Julian Cox, un autre mixologue notable avec des années d'expérience dans les bars et restaurants de Los Angeles, a également rencontré Lopez au début des années 2000, et lui attribue l'éducation et l'inspirer à expérimenter avec l'esprit.

«Elle m’a fait découvrir tant de mezcals. Il n’y en avait que quelques-uns sur le marché à l’époque », explique Cox. Son pur plaisir des cocktails mezcal l’a poussé à continuer de les concevoir, et son impact a été durable.

«J’inclus toujours du mezcal dans mes menus de cocktails. Cela fait désormais partie de ma philosophie et Bricia a contribué à l’inspirer », dit-il.

Mais Lopez et quiconque la connaîtra vous diront que le mezcal n'est que la pointe de l'iceberg proverbial. Son enthousiasme découle et s'étend à son amour et à son respect pour Oaxaca, son peuple et ses traditions. À Guelaguetza, par exemple, Lopez a engagé des artistes d'Oaxaca pour créer des œuvres pour le restaurant.

« Pour moi, il ne s’agissait pas seulement de mezcal, cela encourageait les gens à comprendre qu’il y avait plus dans une culture qu’une simple nourriture », explique Lopez. «Il s’agissait d’aider les gens, même les Mexicains-Américains, à comprendre qu’il y avait plus au Mexique que de la tequila.»

Oaxaca, pas le Mexique

De même que de nombreux Américains considèrent uniquement la tequila comme l'esprit du Mexique, Lopez

Elle pense que le succès de la mezcaleria a été rendu possible précisément en raison de son contexte: à Guelaguetza, les clients sont déjà prêts à découvrir une cuisine régionale et sont prêts à essayer quelque chose de nouveau.
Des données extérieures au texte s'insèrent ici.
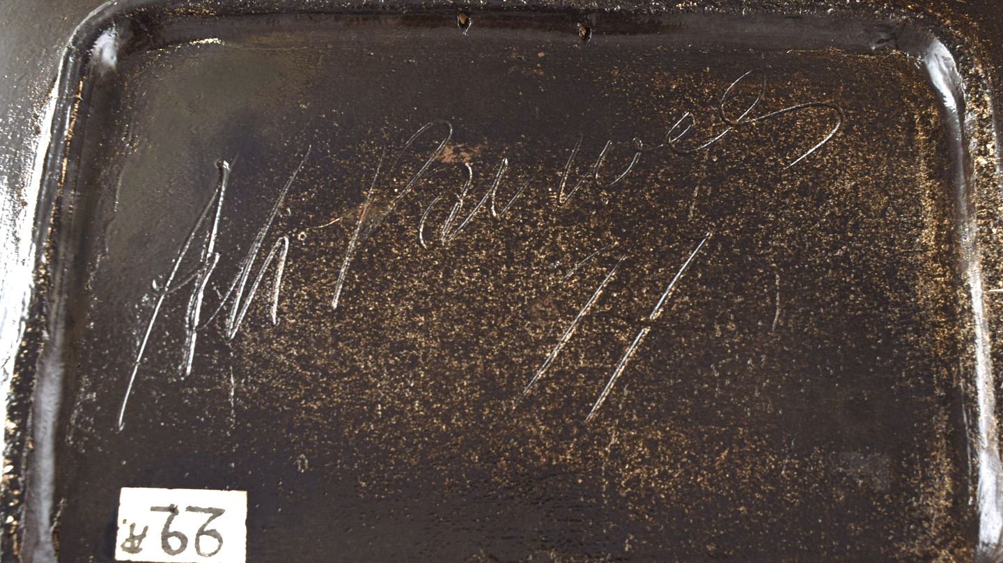 Achiel Pauwels (b. 1932), Belgium. Unique dish in glazed hand-painted ceramics. Naked woman and dove. Dated 1974.Measures: 40.5 x 32 x 3.5 cm.

Le restaurant

« Nous servons du mezcal depuis le premier jour, depuis 1994. Il venait tout juste de le pousser d’une manière différente, en éduquant les gens sur le fait que le mezcal n’est pas seulement une chose, c’est beaucoup de choses différentes », dit Lopez.

Sa mission d'éduquer les gens sur la culture Oaxaca commence simplement par leur servir de très bons plats et boissons, sachant que s'ils l'aiment, ils

« Je ne peux pas vous dire honnêtement combien de fois elle a fait des dîners dans son restaurant pour environ 30 personnes et ne leur a rien facturé », explique Moix. «Elle avait investi tant d’énergie, à un prix si élevé pour elle et sa famille, pour promouvoir la culture et la cuisine mezcal et d’Oaxaca. Je ne connais personne qui investisse autant dans sa culture. « 

Et à cause de sa passion et de ses connaissances, elle

Idées fausses Mezcal

Lopez compare les buveurs de mezcal aux amateurs de vin, plus que toute autre catégorie de spiritueux, en raison de l'accent mis sur les producteurs et l'emplacement. Cependant, dit-elle,

Bien qu'il soit communément décrit comme un

« Les gens adorent les cocktails mezcal parce que cela leur donne autre chose qu’ils ne peuvent pas vraiment mettre le doigt », dit-elle.

Un autre malentendu, elle

«Les gens qualifient le mezcal de« tendance »depuis 10 ans. Si quelque chose a été «à la mode» au cours des 10 dernières années, ce n’est plus vraiment à la mode », explique Lopez. Elle indique que Las Vegas a maintenant un bar dédié au mezcal et à la tequila comme signe qu’il est entré dans le courant dominant.

Tous ses efforts pour enseigner le mezcal remontent à ses racines: la culture d'agave.

Tout compte fait, plus de mezcal signifie plus de reconnaissance de la culture d'Oaxaca et des gens derrière le produit.